20 Oct 2018 | 20955 Views | By Jesse Crosse, Autocar UK
Tesla’s approach to designing those areas, which are crucial elements in defining a car’s character and desirability, didn’t follow usual automotive industry practice for volume car production. Autocar UK spoke exclusively with a number of Tesla engineers to gain an insight into that development process.
Most manufacturers these days build major new models from a platform or architecture, but when it came to the design of the Model 3’s chassis and suspension, Tesla engineer stuck with a ‘first principles’ clean-sheet approach. The starting point were the tyres, which Tesla describes as the unsung heroes of its cars and crucial to feel and drivability. Development started in 2015 and Tesla worked with tyre manufacturers for almost three years, which is longer than the time spent on the Model S’s tyres.
The bulk of mass of an EV is usually located lower than in an ICE-powered car due to the battery packs being mounted under the floor. As a result, there is less vertical force build-up through the outside pair of tyres to generate grip when they corner. To tackle that, Tesla focused on tread stiffness, developing new compounds to deliver the desired combination of cornering grip and low rolling resistance.
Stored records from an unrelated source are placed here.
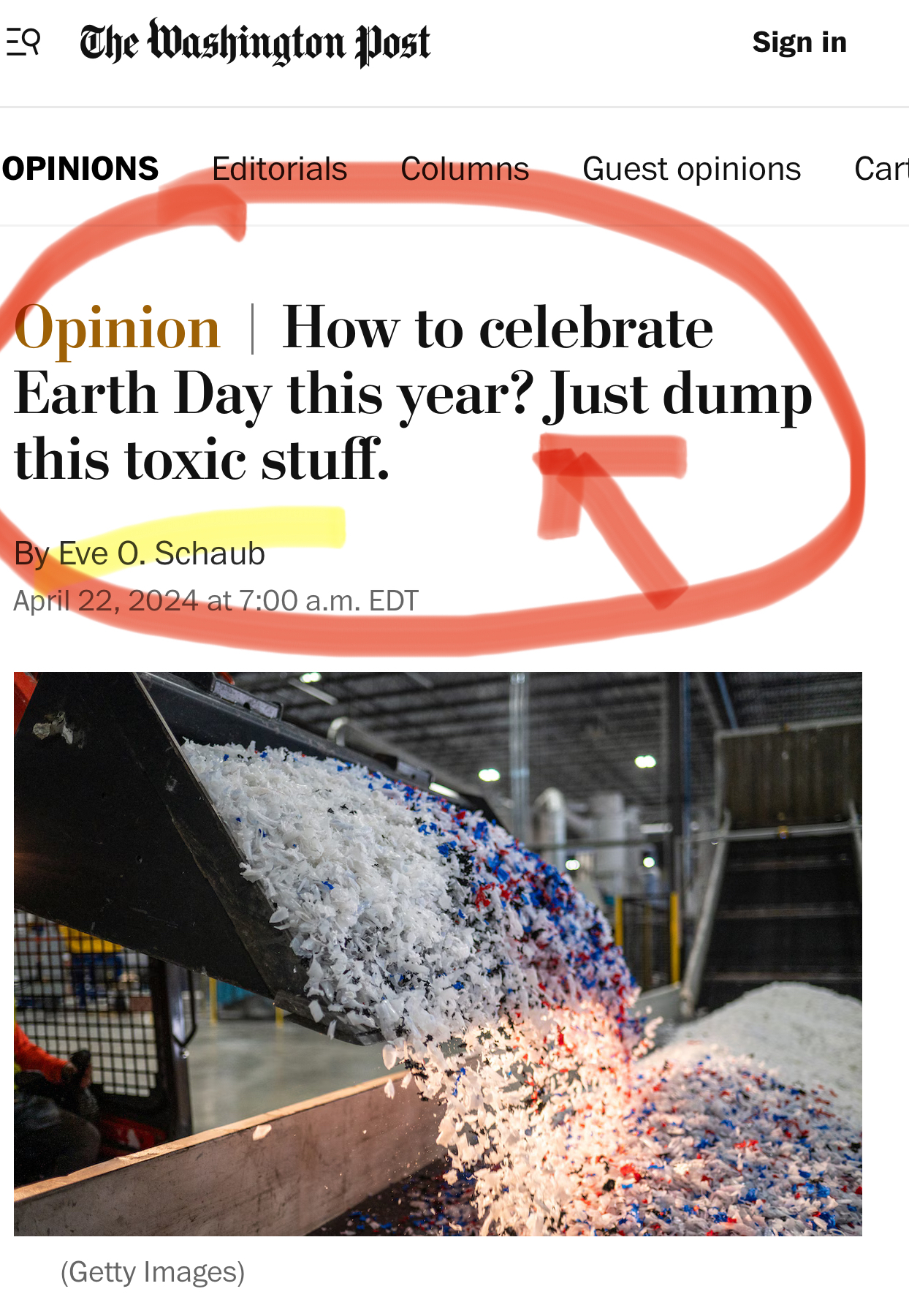 One way I’m celebrating Earth Day is by telling everyone to stop recycling plastic. I hope you’ll take a minute to read my Op Ed that appeared today in the Washington Post.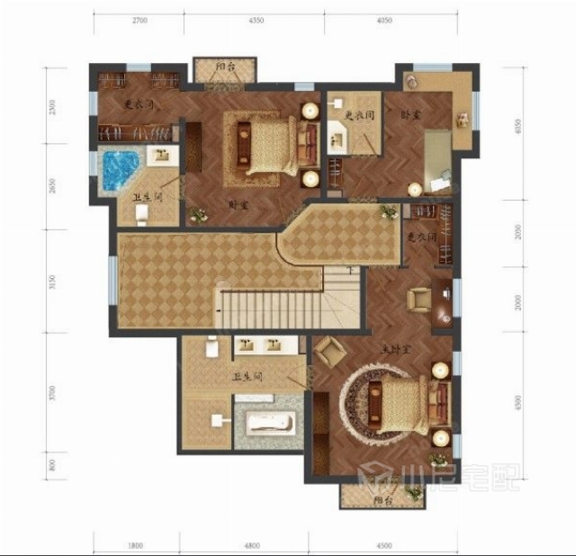 延續(xù)客廳的古典紅木色,加藍色為配色。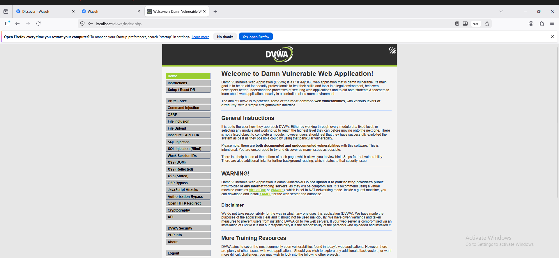 This VM is my attack surface — it runs DVWA and hosts the Wazuh agent.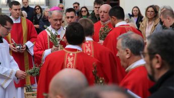 Misno slavlje započelo je blagoslovom grančica ispred bogoslužnog prostora nakon čega je uslijedila procesija u bogoslužni prostor gdje se nastavilo misno slavlje.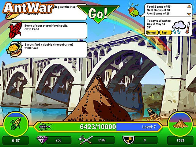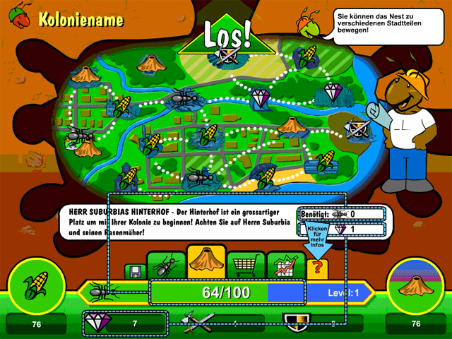 In dieser Simulation eines kleinen Naturimperiums schickst Du Deine Kundschafter auf die Suche nach Nahrung, achtest darauf, dass die Pflegerinnen ordentlich für die kleinen Ameisen sorgen, dass die Arbeiter graben und eine mächtige Armee aufstellen. Mit seinen fantastischen Comic-Grafiken, der mitreißenden Musik und ausgeklügelten Strategie ist dieses Spiel der perfekte Zeitvertrieb für die ganze Familie. - Ant War

The tyres are filled with sound-absorbing foam to suppress noise amplified inside the tyre cavity.
Each rear wheel has six degrees of freedom – five links and one damper, similar to a double wishbone – but the links have been split to give better control over the forces transmitted through the tyre’s contact patch. The front suspension has also been designed to provide maximum protection in the stringent, small-overlap frontal collision crash test.
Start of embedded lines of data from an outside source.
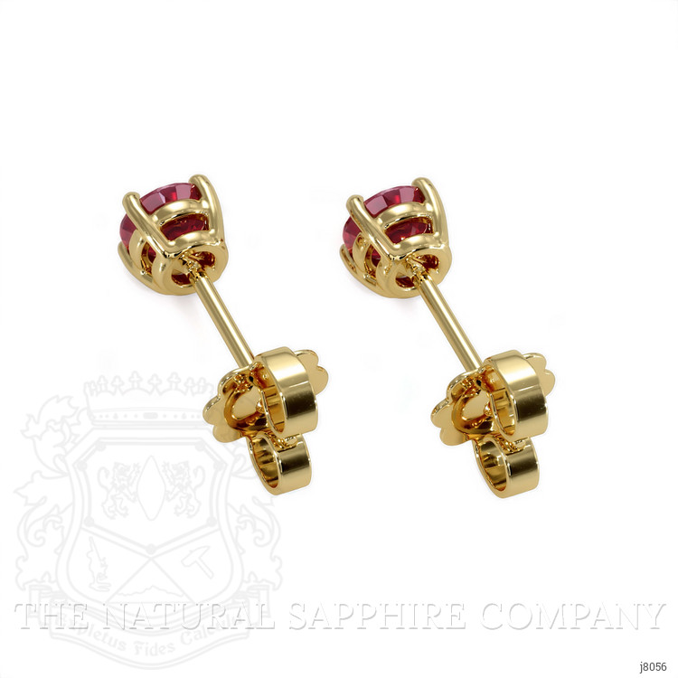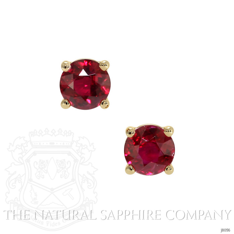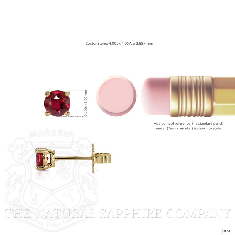 In the world of high fashion and distinguished elegance, The Natural Ruby Company stands as a beacon of luxury and refinement, presenting an unparalleled creation that captures the essence of beauty in its purest form. Our exquisite earrings, set in lustrous 14K yellow gold and adorned with a pair of mesmerizing transparent Rubies, are testament to the artistry and dedication that define our craft. Each Ruby, of 0.65 total carat weight, is sourced from the lush terrains of Mozambique, whispering tales of ancient origins and undiscovered wonders. The gems, painstakingly shaped into a harmonious round form, measure 4.00 x 4.00 x 2.65 mm, serving as a glorious embodiment of nature's grace and magnificence.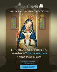 Tradiciones Orales vinculadas a la Virgen de Altagracia Conversatorio Virtual Fecha: Viernes 30 de enero Hora: 8:00 a 9:00 p.m. Lugar: Live desde el Instagram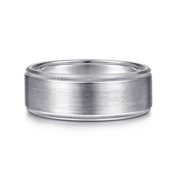 Benjamin - 14K White Gold 8mm - Beveled Edge Men's Wedding Band in Satin Finish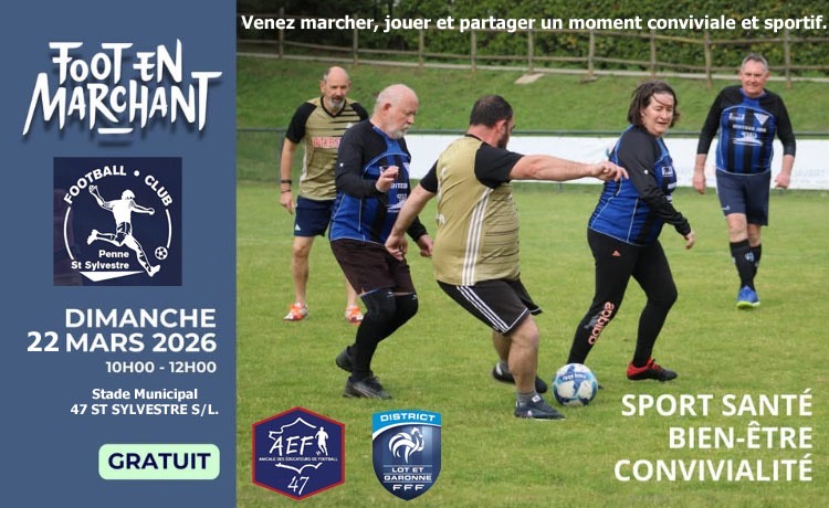 Le FCPSS organise une activité sportive et gratuite de "Foot en Marchant", dimanche 22 mars de 10h à 12h au stade municipal de Saint-Sylvestre-sur-Lot.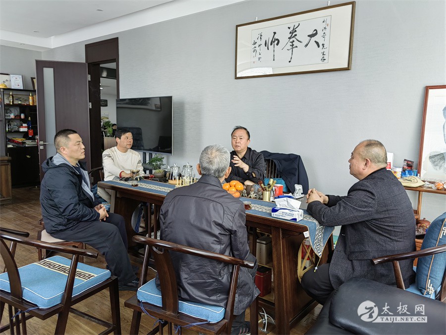 (太极网讯)2023年4月7日,位于太极拳发源地温县的太极网总部内高朋满座,来自甘肃兰州、广东东莞、河南开封等地武术协会相关负责人一行到访,以武会友,交流非遗太极拳、书法、正骨等。 在太极网创始人刘洪奇、总编李超以及太极网团队的热烈欢迎和接待中,甘肃省太极拳协会副主席、兰州市武术协会主席李永忠,东莞市武术协会监事长、太极网东莞分站站长张辉,开封市武术协会太极拳专委会主任、太极网开封分站站长张明等来宾就武术太极拳等共同话题促膝长谈,友好互动。 陈家沟太极拳代表性传承人陈俊凌,陈家沟太极拳武校校长陈冲,焦作市市级非遗“晁氏正骨”代表性传承人晁前进等人就太极拳和传统正骨等技法和产业发展等与众位来宾进行了深入探讨,交流活动在热烈和谐的氛围中取得圆满成功。 |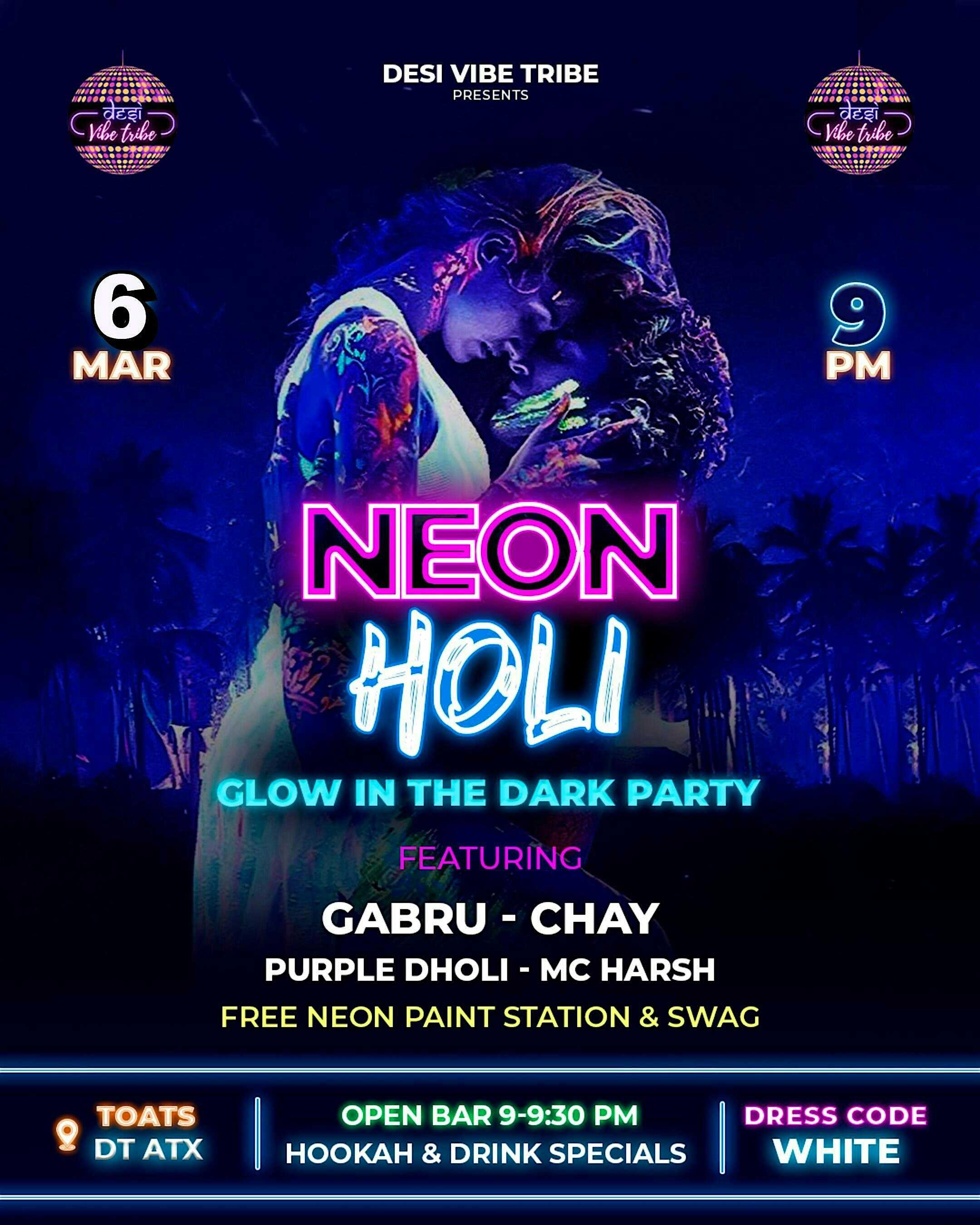 by admin23Feb Neon Holi – Glow in the Dark Bollywood Party – March 6th – Austin at TOATS ATX – Austin, TX Neon Holi – Glow in the Dark Bollywood Party – March 6th – Austin at TOATS ATX – Austin, TX 2 2 people viewed this event. Get ready for the most electrifying Holi party of the year with a Twist—where Neon Paint meets Desi Beats, and Tradition meets Nightlife! Tickets-RSVP Link Date And Time Friday, March 6th, 2026 09:00 PM (PST) Venue TOATS ATX Location 213 West 4th Street, Austin, TX 78701 Event Types MusicParty or Social Gathering Event Category AustinTexas Share With Friends Facebook Twitter Linkedin Xing Pinterest Share This Post:

That allows the wheel to rotate around a third link, moving the wheel outside of the body and pushing the car, the occupants and the batteries away from the point of impact.
The additional motor in all-wheel-drive variants sits on two mounts in the ‘V’ of the front subframe and pivots backwards into a void in the event of a collision. The electric power steering system has a rapid 10:1 ratio, giving two turns lock-to-lock. The system has full redundancy with separate power feeds taken directly from the high-voltage battery, two electronic control modules and two inverters providing ‘hot backup’ if one fails.
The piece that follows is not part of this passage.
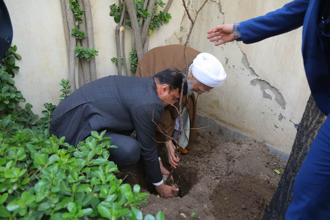 حضرت آیت الله العظمی جوادی آملی، همزمان با هفته منابع طبیعی و ایام درختکاری، طی مراسمی با حضور دکتر علی تیموری؛ رییس سازمان منابع طبیعی و آبخیزداری کشور یک اصله نهال غرس نمودند.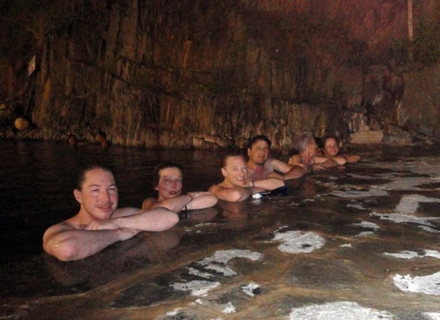 Después de almorzar/cenar, comida mexicana magnifica, algunos visitamos los baños termales.  Esperábamos una experiencia como la de Santa Teresa, pero, no, estos baños fueron terribles.  El agua fue marrón y los baños fueron pequeños y llenos.  Creo que Stacy, Jane, Matthew, Mum y yo quedamos en los baños hace 3 minutos máximos. Aún, fue una experiencia.

The discs themselves have been designed to last for the life of the car (about 150,000 miles), which is possible because the Model 3’s regenerative braking system reduces how much the conventional brakes are used. Rust could be an issue over that time, so engineers developed new anti-corrosion techniques. Such attention to detail is indicative of the development team’s ‘more and’ mantra: if an improvement is made in one area, whether for performance or cost reasons, Tesla’s team commits to making another improvement elsewhere.
What’s the frequency, Elon?
Tesla drew on learnings from Nasa when refining the Model 3’s suspension settings to ensure the car would be comfortable.
The Californian company’s engineers turned to a study by the space agency on the limits of human capability, which included research into how long the body can be subjected to a certain frequency without feeling uncomfortable.
The vertical frequency (measured in hertz) at which the suspension moves affects not just comfort but how a car feels to drive, whether it be relaxed and serene or sharp and edgy.
Tesla says the suspension of most cars is sprung and damped to move at between 1.0Hz and 3.0Hz. For the Model 3, engineers settled on a vertical frequency for the suspension that is equivalent of a brisk walk or a slow run to give a chassis feel that was comfortable yet sporty enough to harmonise with the performance of the powertrain.